Taylor Schulte: Oh, yeah. Absolutely, yeah. I think for sure. Hopefully, he agrees, but yeah.

Brad Johnson: Well, we’ll see. Hey, if you listen to this episode, Nick, text Taylor if he’s your friend, if you’re listening. So, cool. All right. So, we’ve really gone deep on the podcast. So, thanks for just being cool with sharing all that. Let’s go to, now that client journey, that prospect journey, I should say. So, we kind of walk through, hey, call to action. They hit the website, they book an appointment, your team reaches out. We were talking pre-record here, you have a very dialed-in sales process, appointment process. Can you start to walk through what it is and kind of the why behind it and what you’ve learned as that’s evolved?

Taylor Schulte: Yeah, absolutely. So, I do think when you’re going to an audience with a call to action, having something that’s about them that provides value to them is important. So, saying we’re currently offering a free retirement assessment or a free analysis is very different than if you’re looking for an advisor, give us a call, right? Like, that’s about you to give us a call or give my team a call. And so, some sort of a compelling offer is required. Our Free Retirement Assessment is essentially a lite financial plan, a free lite financial plan.

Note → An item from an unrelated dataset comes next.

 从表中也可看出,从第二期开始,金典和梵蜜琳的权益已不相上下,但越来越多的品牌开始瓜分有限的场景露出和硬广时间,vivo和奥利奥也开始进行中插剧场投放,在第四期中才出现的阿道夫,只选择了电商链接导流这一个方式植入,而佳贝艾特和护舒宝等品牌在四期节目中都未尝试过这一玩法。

What I’ve learned, I think, many of us have learned over the years is it’s really hard for consumers to evaluate financial planners. We all have the same titles and designations. Our websites all look similar. We all engage and distribute similar content. And so, I wanted to create a process that helped them evaluate us. So, we offer this free lite financial plan to show them exactly what we do and how we can help them. And we try to give away everything in the kitchen sink. We are not trying to hold back through this process. We have to limit our time. That’s the only constraint as we manage our time through this process, but we try to answer as many of their questions and pain points as possible in this lite financial planning process.

So, it starts with that introductory phone call. After that introductory phone call, if there’s a mutual potential fit, we ask them to send us all account statements, most recent copy of tax return, and then they can schedule their next meeting with us, which is essentially a discovery meeting. So, ahead of that meeting, we have all their full account statements and full most recent tax return, which allows us to pull some information out of there to ask some really good questions during that discovery meeting to ensure that we understand their current situation and what they’re up against.

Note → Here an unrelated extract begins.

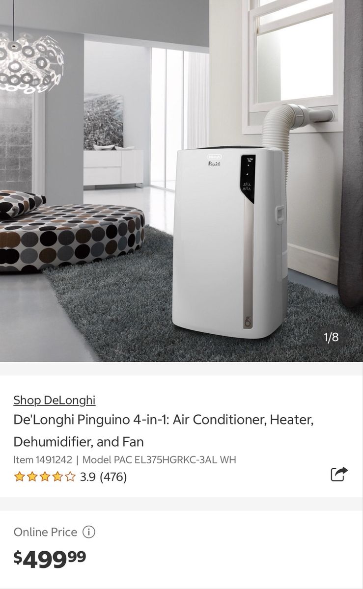 ZellePortable AC unit with heating, fan, and dehumidifying settings as well. Worked great for us when we lived in an apartment, selling now that we have central AC. Serves up to 500 sq feet, multiple rooms. New unit retails at Costco for $500.

From there, we ask them to give us at least two weeks to build their analysis, to build their assessment, and then we come back for that final presentation or proposal meeting where we deliver that assessment or lite financial plan. And then after that, ball’s in their court. We send them a very nice physical package with a few supporting materials, one of our favorite finance books at the time, a handwritten note, and our welcome packet. Our welcome packet is our client engagement standards, coupled with our investment advisory agreement and a very nicely saddle-stitched, physically-printed document.

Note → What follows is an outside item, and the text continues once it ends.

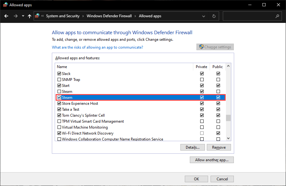 If you can’t locate Steam within the Windows Firewall, select the **Allow another app button **and pick Steam.exe from the following folder:

And we send it to them physically because there are some really important things in there. I want to make sure they read. I don’t want them to quickly e-sign a document. I don’t want that. If somebody hires us, I want them to be a client for life. So, I want them to read the client engagement standards. They have to initial next to 10 different statements what they’re committing to. And I want them to read our advisory agreement. I want them to see the exact fee that they’re paying and the services that we’re providing and sign with an actual pen. And then we provide a paid return envelope for them to stick it in an envelope and send it back to us.

If they’re in our office for that final meeting, we send all this home with them. They cannot sign it in our office. Take it home, review it again, talk with your spouse if one exists, and make a final determination. So, that’s it in a nutshell. Happy to share as much as you’d like and go into any aspects of it. There are a lot of moving parts from start to finish to ensure that it goes smoothly. And it takes about four to six weeks for somebody to go through. So, if somebody’s looking to hire us tomorrow, the first thing we’ll say is we’re not the right fit, that you need to be willing to invest about four to six weeks of your time to go through this evaluation process.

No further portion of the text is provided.